> _Work required_: In this exercise, print only the lines from the line with "Eduard - 1/72" to the last line of the data below, inclusive. Any pictures should be left out.

┄┄┄┄┄┄

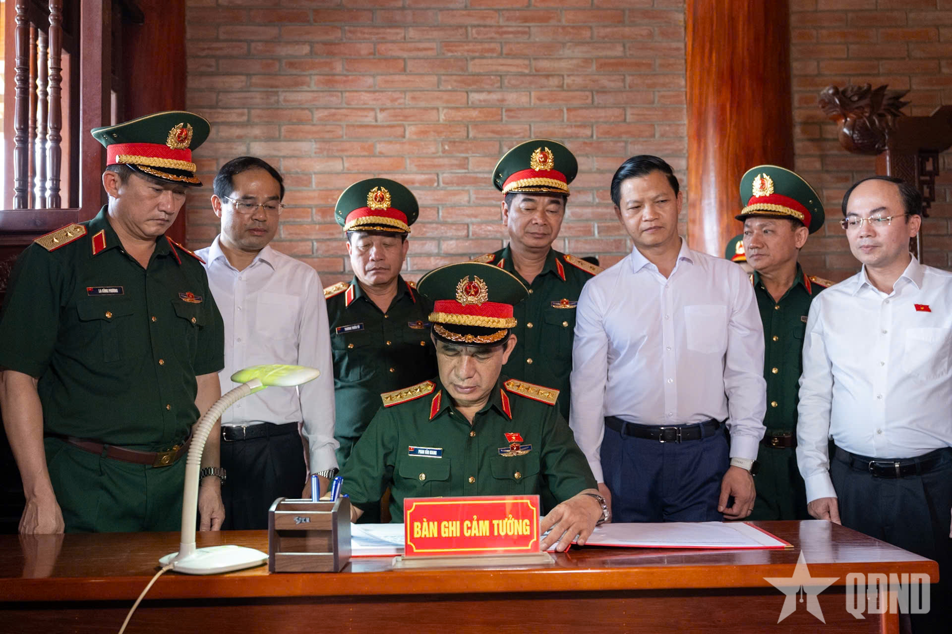 Đại tướng Phan Văn Giang ghi cảm tưởng tại Khu di tích lịch sử Quốc gia Đại đội Thanh niên xung phong 915, Đội 91 Bắc Thái.
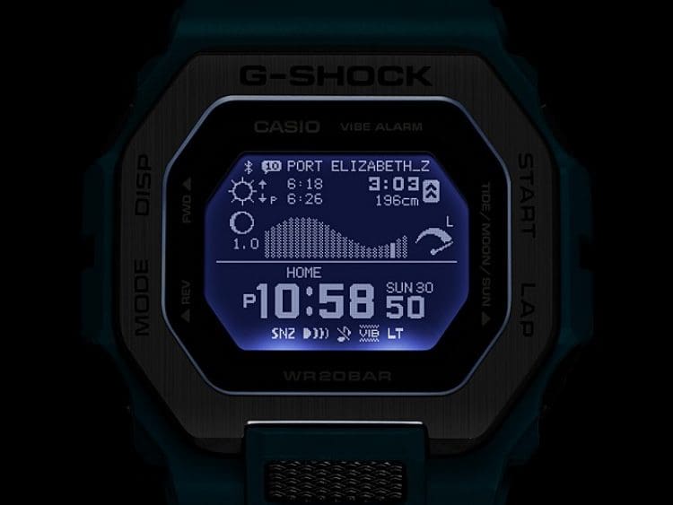 Японские мужские ударопрочные часы c функцией Bluetooth Casio G-Shock GBX-100-2, кварцевый механизм с высокой точностью. Класс водозащиты: 200 метров, позволит плавать, нырять и заниматься другими водными видами спорта. Корпус представляет собой сочетание полимера и металла, причем безель выполнен из нержавеющей стали с блестящей шершавой обработкой для достижения прочности и текстуры. Ударопрочный корпусУдаропрочный корпусМеханизм заключён в корпус, выполненный из современных материалов, устойчивых к ударам, механическим повреждениям и падению с высоты: инновационный пластик, карбон, нержавеющая сталь, титан. защищает механизм от ударов и вибрации. Долговечный и экономичный матричный дисплей MIP LCD высокой четкости улучшает читаемость и восприятие любых данных. Отображаемые графики приливов и отливов, данные о Луне, время и уровень прилива/отлива, время восхода/заката солнца. Фирменная экономичная светодиодная подсветкаСветодиодная подсветкаСветодиодная или LED-подсветка обеспечивает появление яркого холодного свечения за счёт LED-элементов - маленьких лампочек. Они потребляют минимальное количество энергии, чаще всего можно встретить 1 светодиод, в нижней части циферблата. Super Illuminator с функцией Afterglow. Базовые функции: 12-ти и 24-х часовой формат времени, секундомерСекундомерСекундоме́р — прибор, способный измерять интервалы времени с точностью до долей секунды. с точностью показаний 1 сек и временем измерения 100 ч, сплит-хронографСплит-хронографИспользуется для измерения продолжительности нескольких временных отрезков, начинающихся одновременно, а заканчивающихся в разное время., возможность установить 5 таймеров, таймер обратного отсчета от 1 сек до 1 ч с автоповтором, мировое времяМировое время Полезное часовое усложнение, отображающее время в основных городах и известных областях по всему миру, оно связано с часовыми поясами, удобно для путешественников и бизнесменов. – 38 городов (38 часовых поясов), всемирное координированное время (UTCUTCВсемирное кординационное время, не имеющее привязки к географическому положению Гринвича, основывается на атомном отсчёте времени. Регулировка времени осуществляется более точно, чем устаревшее GMT.
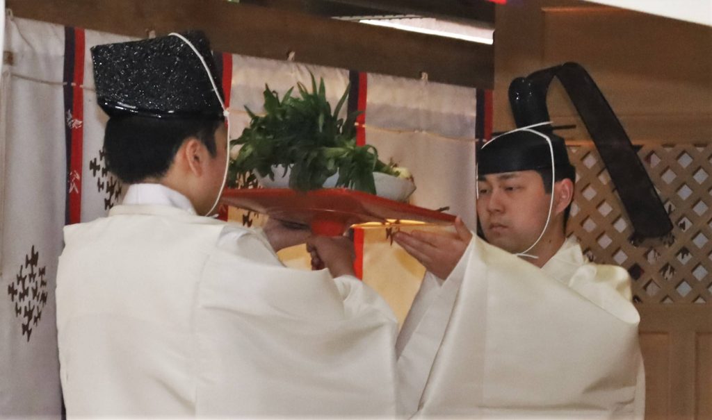 神武天皇が大和平定の折に当地のアユで勝敗を占った―などとする故事にちなみ、川上村漁協が地元の丹生川上神社上社を通じて神武天皇ゆかりの橿原神宮へ奉納することに。神楽殿で今月25日に「初鮎奉献祭」が営まれ、その日の朝に試し釣りしたアユ18匹が神前にささげられ、参列者らが豊漁と釣り人たちの無事故を祈願した。
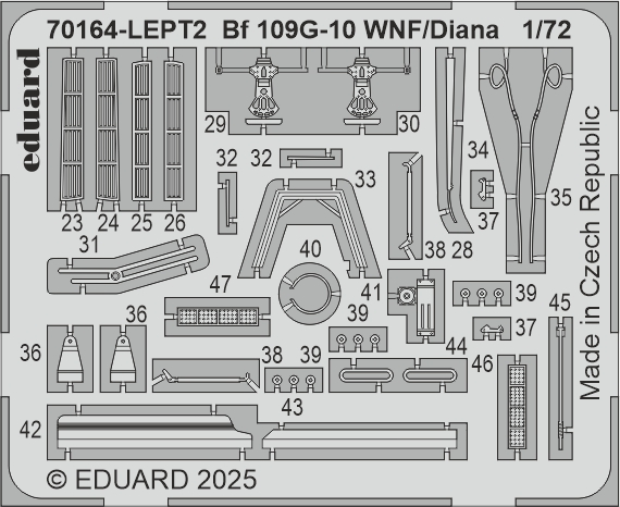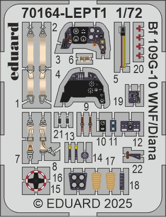 Eduard - 1/72 Messerschmitt Bf-109G-10 WNF/Diana ProfiPACK edition kit of German WWII fighter aircraft Bf 109G-10 in 1/72 scale. The kit is focused on 109s produced by Wiener Neustadter Flugzeugwerke/Diana. plastic parts: Eduard marking options: 6 decals: Eduard Pe parts: yes, pre-painted
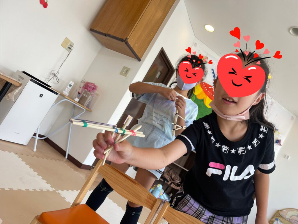 「割りばしてっぽう」⬅️ゴムをひっかける先っぽと引き棒の調整をみんな工夫していました。的を並べてお祭りの音楽をかけると射的屋さん風になって楽しめました🏮
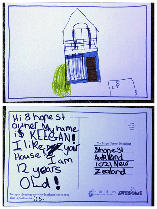 I was really stoked to get your card, Keegan! You got the colour of my porch just right!. I’m John and I like my house too – and I like living in a street called Hope. I have a grandson Max who’s the same age as you. My very best wishes for your future.

┄┄┄┄┄┄

> _Written response_:
 Eduard - 1/72 Messerschmitt Bf-109G-10 WNF/Diana ProfiPACK edition kit of German WWII fighter aircraft Bf 109G-10 in 1/72 scale. The kit is focused on 109s produced by Wiener Neustadter Flugzeugwerke/Diana. plastic parts: Eduard marking options: 6 decals: Eduard Pe parts: yes, pre-painted
 「割りばしてっぽう」⬅️ゴムをひっかける先っぽと引き棒の調整をみんな工夫していました。的を並べてお祭りの音楽をかけると射的屋さん風になって楽しめました🏮
 I was really stoked to get your card, Keegan! You got the colour of my porch just right!. I’m John and I like my house too – and I like living in a street called Hope. I have a grandson Max who’s the same age as you. My very best wishes for your future.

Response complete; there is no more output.